Через час он сидел в квартире Гогиных, против Татьяны. Он редко встречал эту девушку, помнил ее веселой, с дурашливой речью, с острым блеском синеватых, задорных глаз. Она была насмешлива, не симпатична ему и никогда не возбуждала желания познакомиться с нею ближе. Теперь ее глаза были устало прикрыты ресницами, лицо похудело, вытянулось, нездоровый румянец горел на щеках, – покашливая, она лежала на кушетке, вытянув ноги, прикрытые клетчатым пледом. Казалось, что она постарела лет на десять. Глуховатым, бесцветным голосом чахоточной она говорила:

– Деньги – опоздали. Алексей арестован в Ростове и с ним Любаша Сомова. Вы знали Спивак? Тоже арестована, с типографией, не успев ее поставить. Ее сын, Аркадий, у нас.

– Вы нездоровы? – спросил Самгин.

– Как видите. А был такой Петр Усов, слепой; он выступил на митинге, и по дороге домой его убили, буквально растоптали ногами. Необходима организация боевых дружин, и – «око за око, зуб за зуб». У эсеров будет раскол по вопросу о терроре.
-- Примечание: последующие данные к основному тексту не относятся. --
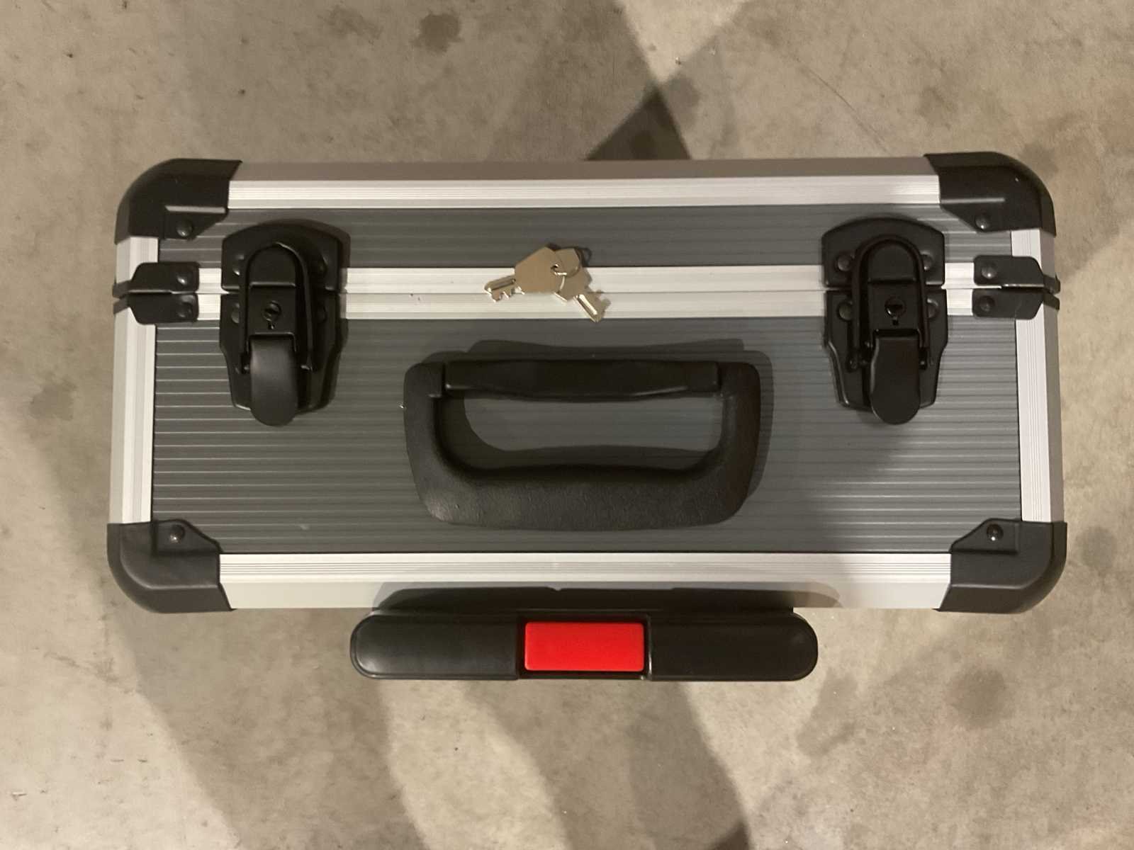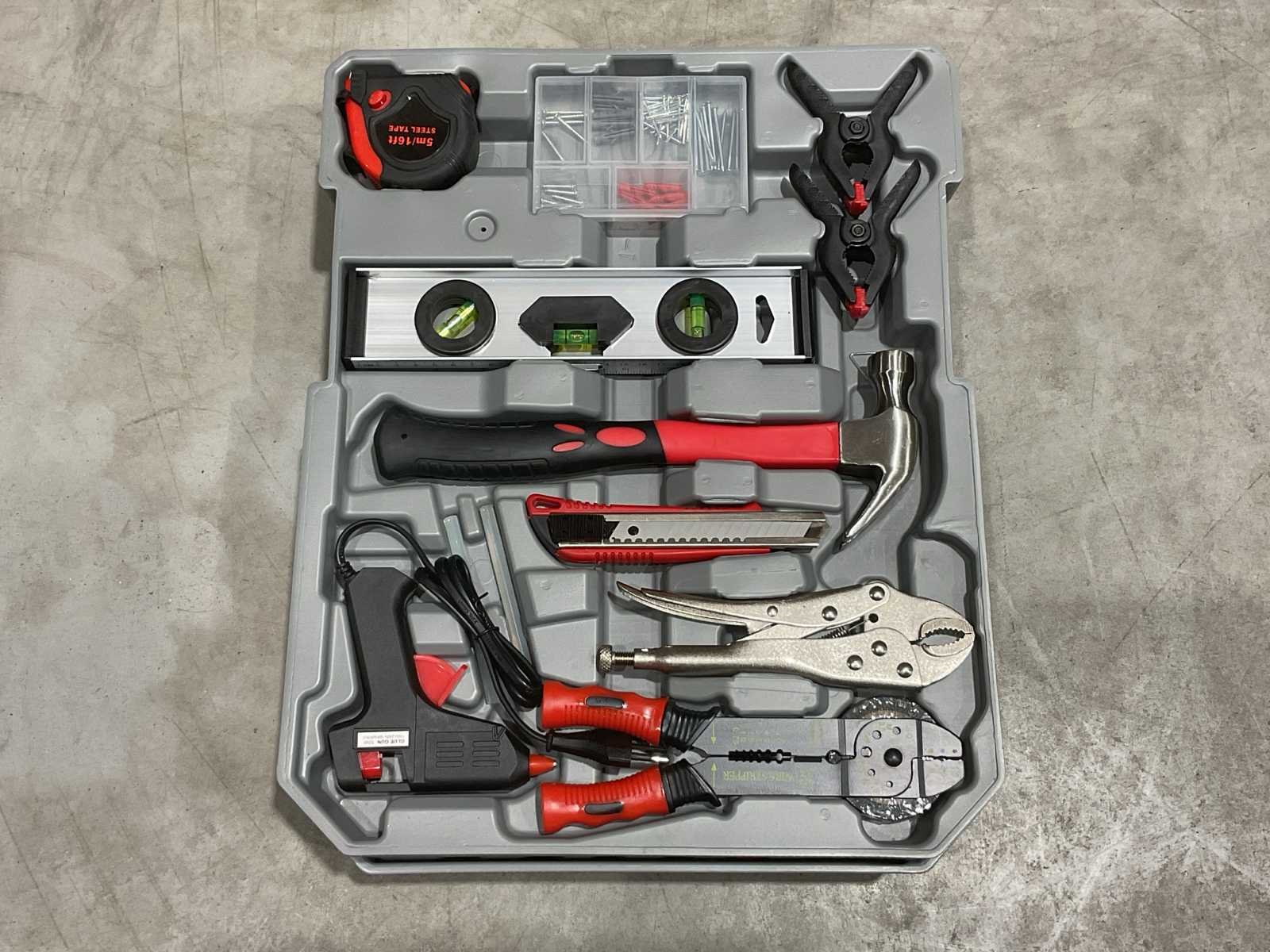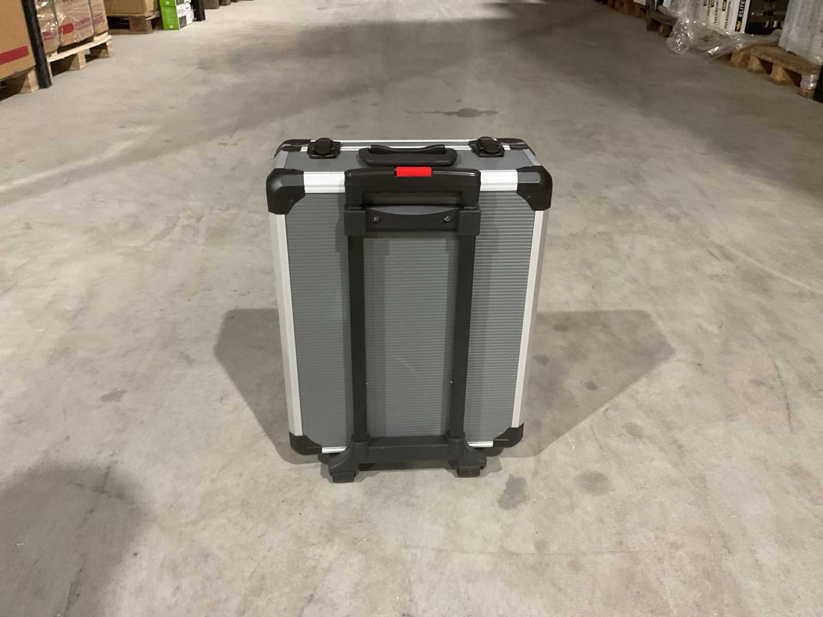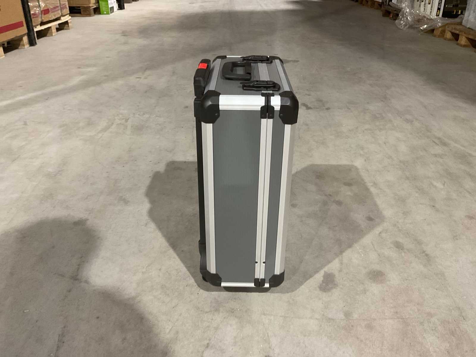 Voorzien van Schroevendraaierset; Lijmpistool; Waterpas; Hamer; Bitset; Inbussleutels; Spanningsmeter; Handgereedschap; Spijkers; pluggen; Aluminium Koffer; Telescoop handgreep; wielen; ongebruikt in doos Merk: Wurzburg Type: 396PCS W-800 Aluminium: true Metaal: true Met inhoud: true Afmeting l: 38.5mm Afmeting b: 20.5mm Afmeting h: 52mm Eigen gewicht: 13kg
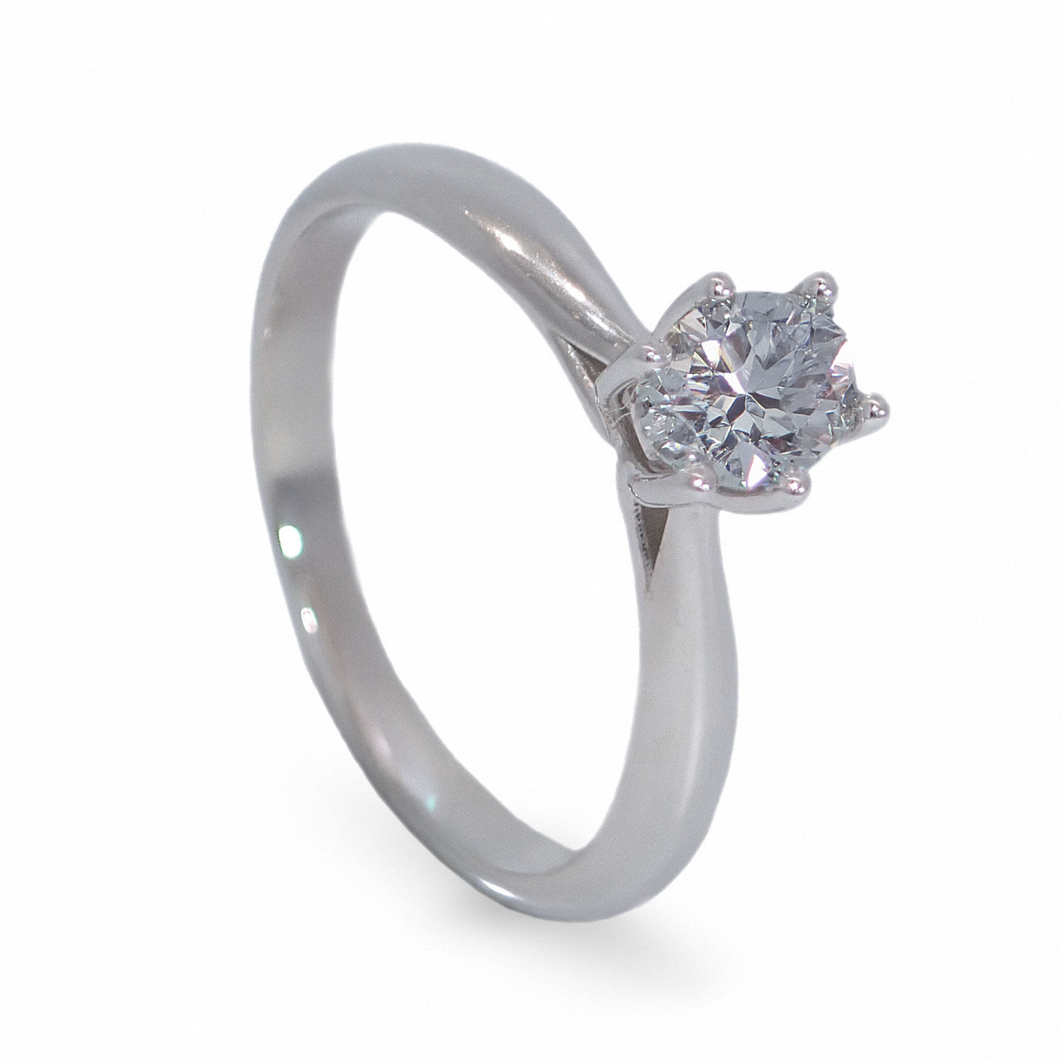 Denne utsøkte diamantringen i hvitt gull utstråler tidløs eleganse og raffinement. En glitrende diamant, nøye utvalgt for sin gnistrende skjønnhet, sitter i en klassisk fatning med 6 delikate klør.

Говорила она бессвязно, глаза ее нестерпимо блестели.

– У вас, видимо, поднимается температура.

– Ничего не значит, сидите!

Самгин сказал, что он не имеет времени, – Татьяна, протянув ему руку, спросила:

– Что вы думаете делать?

– Еще не решил, – сухо ответил Самгин, торопясь уйти.

«Осталась где-то вне действительности, живет бредовым прошлым», – думал он, выходя на улицу. С удивлением и даже недоверием к себе он вдруг почувствовал, что десяток дней, прожитых вне Москвы, отодвинул его от этого города и от людей, подобных Татьяне, очень далеко. Это было странно и требовало анализа. Это как бы намекало, что при некотором напряжении воли можно выйти из порочного круга действительности.

«Из царства мелких необходимостей в царство свободы», – мысленно усмехнулся он и вспомнил, что вовсе не напрягал воли для такого прыжка.

Это было еще более странно. Чувство недоверия к прочности своего настроения волновало.

«Все в мире стремится к более или менее устойчивому равновесию, – напомнил он себе. – Действительности дан революционный толчок, она поколебалась, подвинулась вперед и теперь…»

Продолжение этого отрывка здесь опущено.